→ **Task requirements**:
No pictures belong in the copy. Reproduce exactly the lines beginning at the line containing "Coiffeuse bois 80x40" and continuing to the end of the entries below.
----------
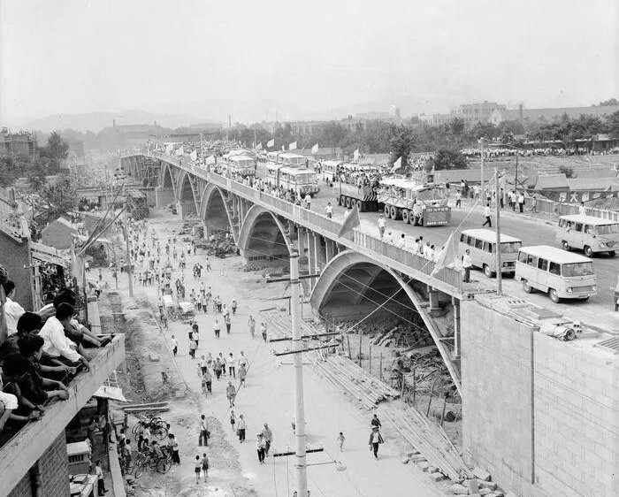 随着社会发展,老天桥越来越不能适应时代要求。1973年,老天桥拆除,次年年底重建工程破土动工,新天桥于1975年7月1日正式竣工通车。
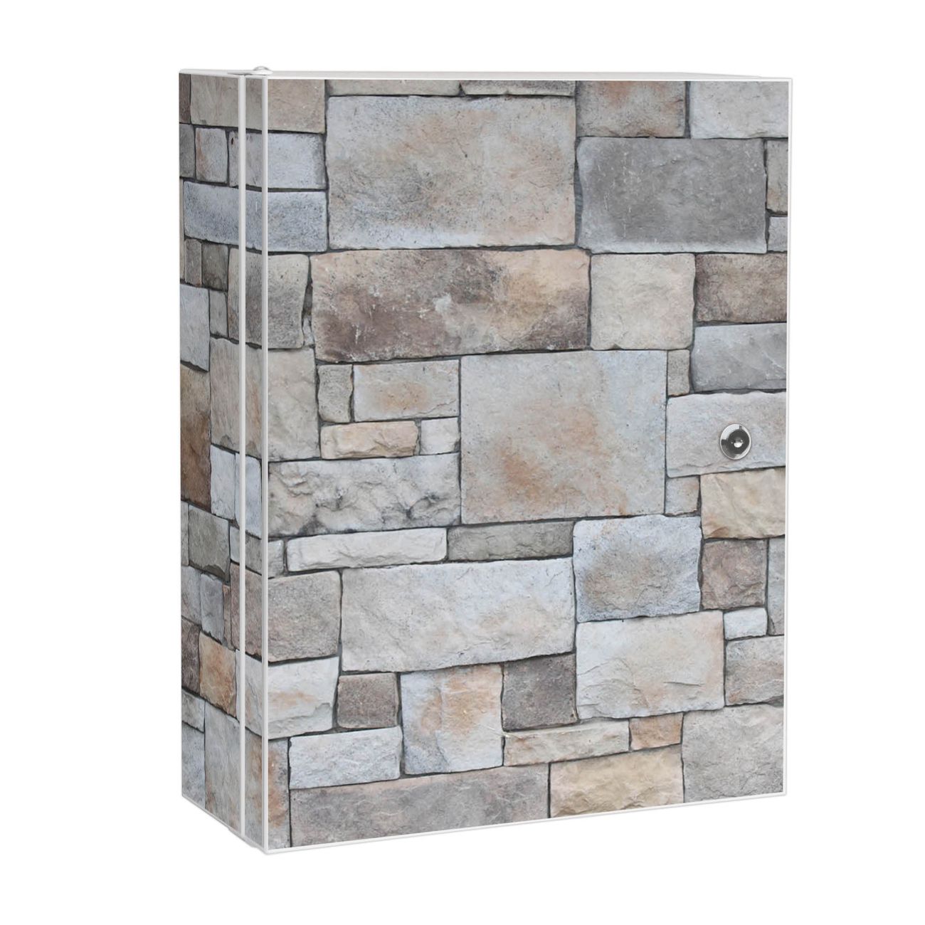 Medizinschrank Stahl Motiv Natursteinmauer
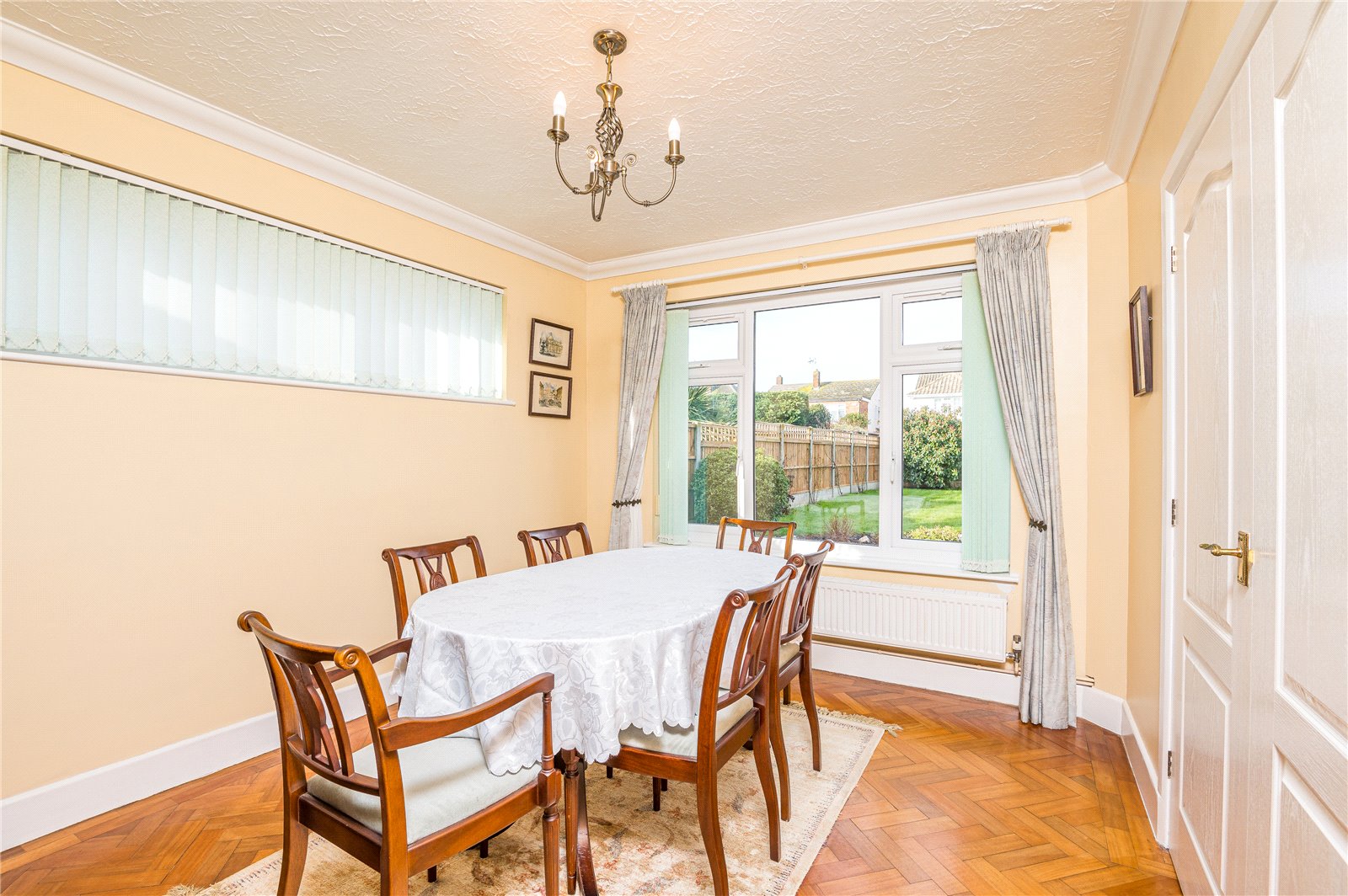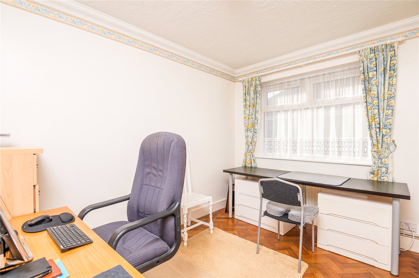 This good size formal dining room enjoys a dual aspect with double glazed windows to side and rear overlooking the garden. Radiator. Herringbone pattern parquet flooring. Coved ceiling. Archway leading to:
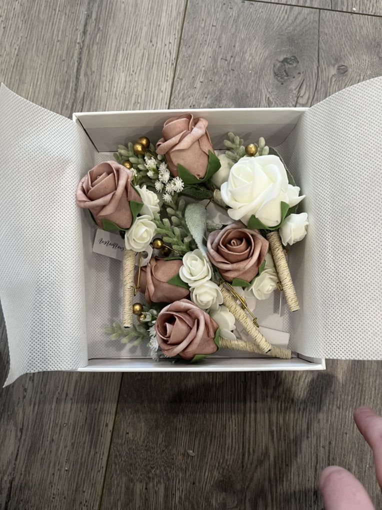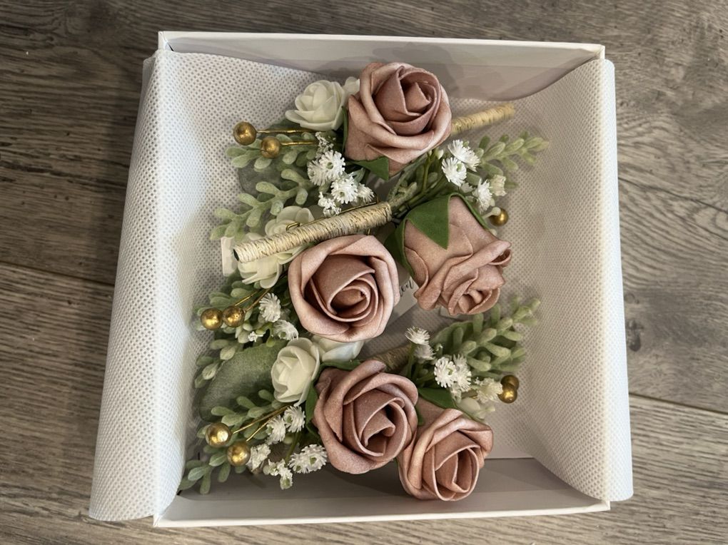 Selling 11 Ling’s Moment boutonnieres in dusty rose/pink. Originally from two 6-piece sets (one piece missing). You would get 1 white flower boutonnière and 10 in dusty rose.
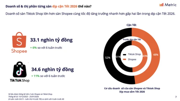 電子商取引(EC)データ解析を手がけるMetric.vnによると、旧正月(テト)前の6週間(2025年12月15日から2026年1月25日まで)で、電子商取引(EC)大手のShopee、およびTikTok Shopの売上総額は約67兆7000億ドンに達した。
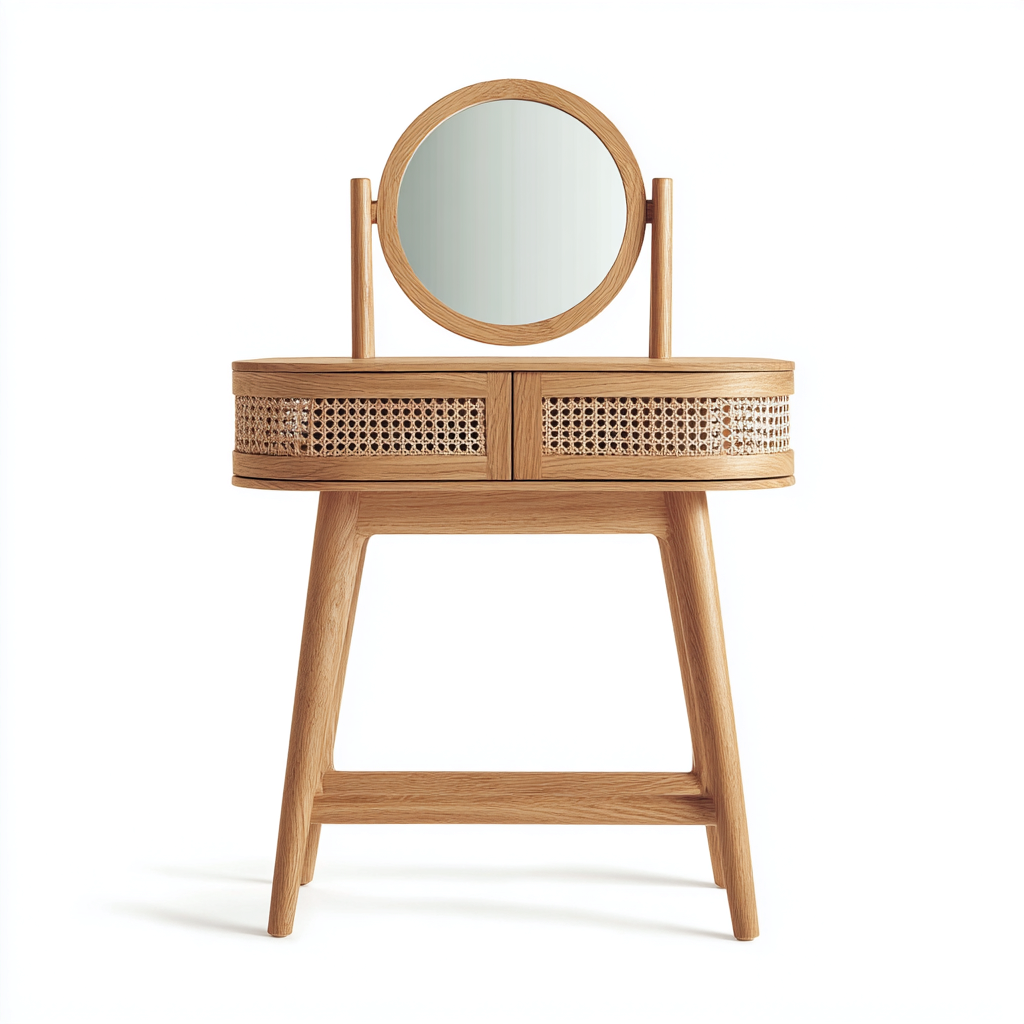 Coiffeuse bois 80x40 cm - chêne clair - design naturel avec miroir adaptée à la chambre
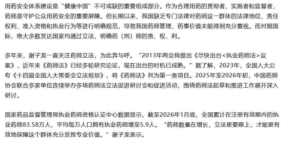 [3] 中国医药报. 谢子龙代表:尽快出台药师法,构建医疗服务高质量发展新格局. 2026-03
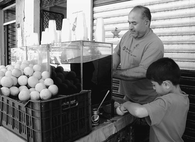 在大马士革街头的果汁摊,哈姆丹正用稚嫩的小手帮爸爸切橙子。本报记者 宦翔摄
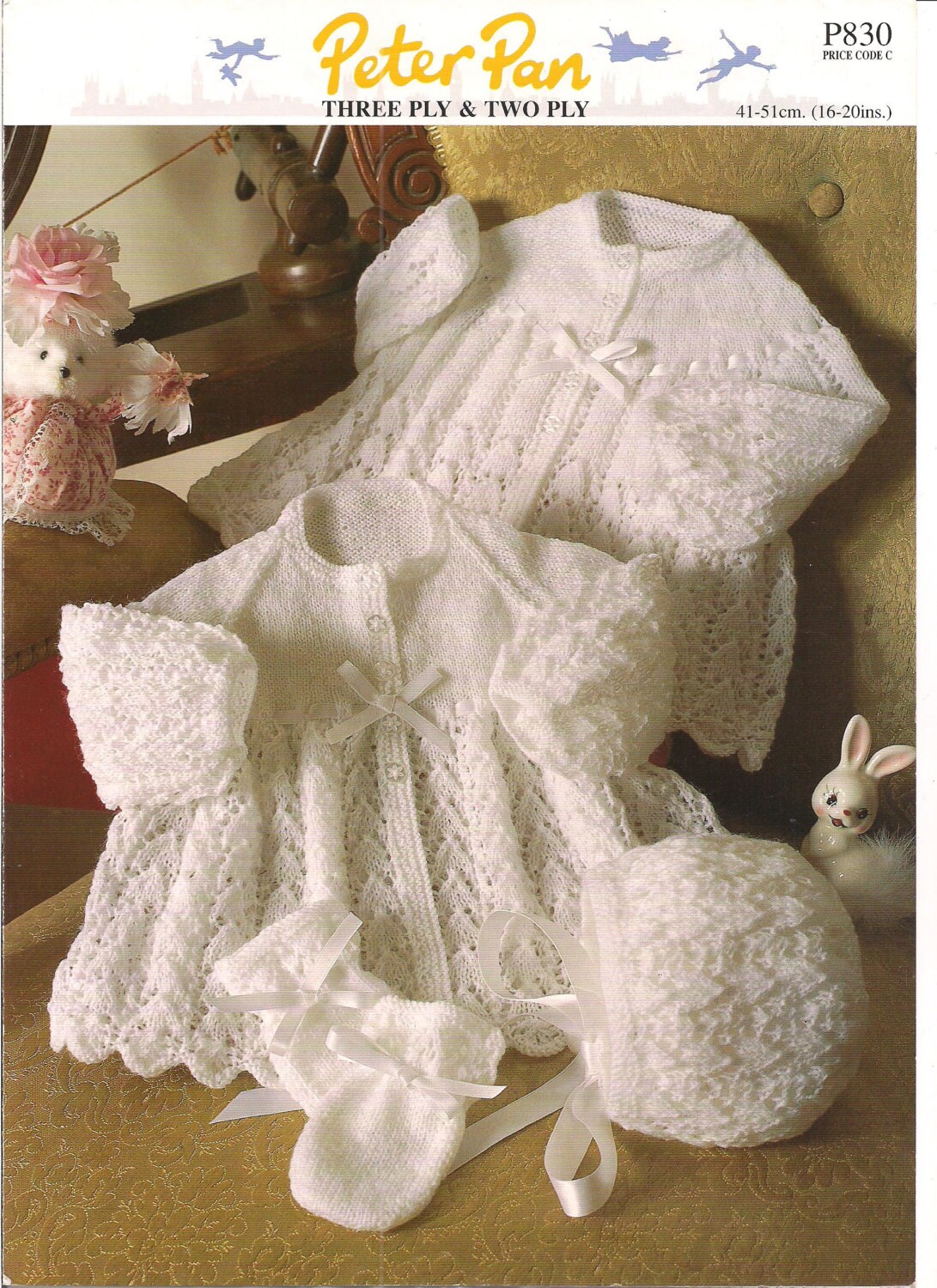 Peter Pan Jacket Bonnet Mitts 3 Ply 2 Ply Baby Knitting Etsy
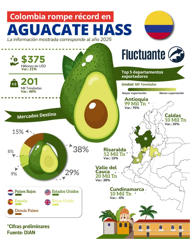 La campaña de aguacate Hass en 2025 cierra con cifras históricas para Colombia. El país exportó 201 mil toneladas de esta fruta, equivalentes a 375 millones de dólares, lo que representa un crecimiento del 46% en volumen y del 21% en valor respecto al año anterior. Estos resultados no solo reflejan un mercado en expansión, […]
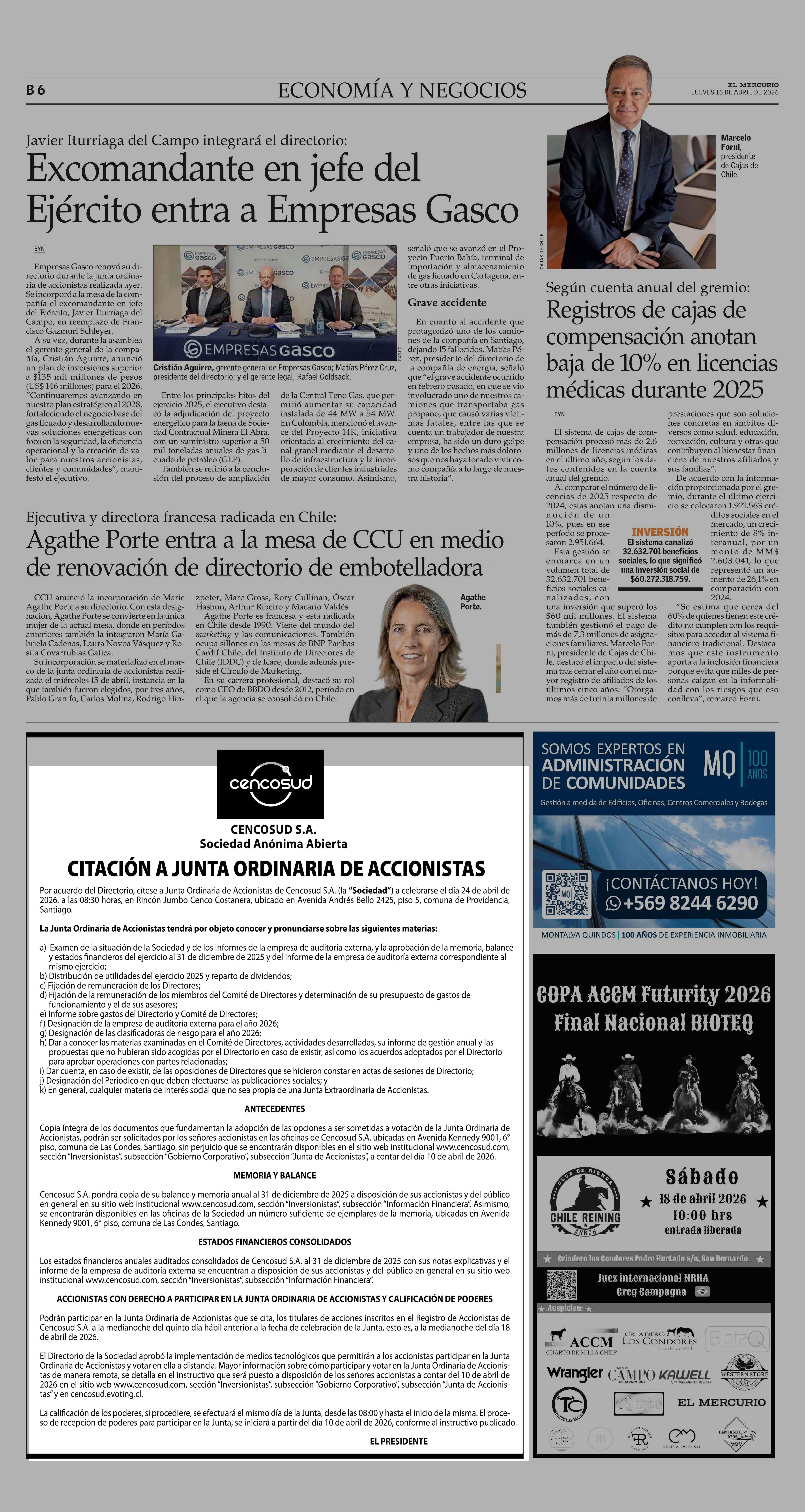Extractos: CENCOSUD S.A. 16-04-2026 El Mercurio |
----------
→ **Response area**:
 Coiffeuse bois 80x40 cm - chêne clair - design naturel avec miroir adaptée à la chambre
 [3] 中国医药报. 谢子龙代表:尽快出台药师法,构建医疗服务高质量发展新格局. 2026-03
 在大马士革街头的果汁摊,哈姆丹正用稚嫩的小手帮爸爸切橙子。本报记者 宦翔摄
 Peter Pan Jacket Bonnet Mitts 3 Ply 2 Ply Baby Knitting Etsy
 La campaña de aguacate Hass en 2025 cierra con cifras históricas para Colombia. El país exportó 201 mil toneladas de esta fruta, equivalentes a 375 millones de dólares, lo que representa un crecimiento del 46% en volumen y del 21% en valor respecto al año anterior. Estos resultados no solo reflejan un mercado en expansión, […]
Extractos: CENCOSUD S.A. 16-04-2026 El Mercurio |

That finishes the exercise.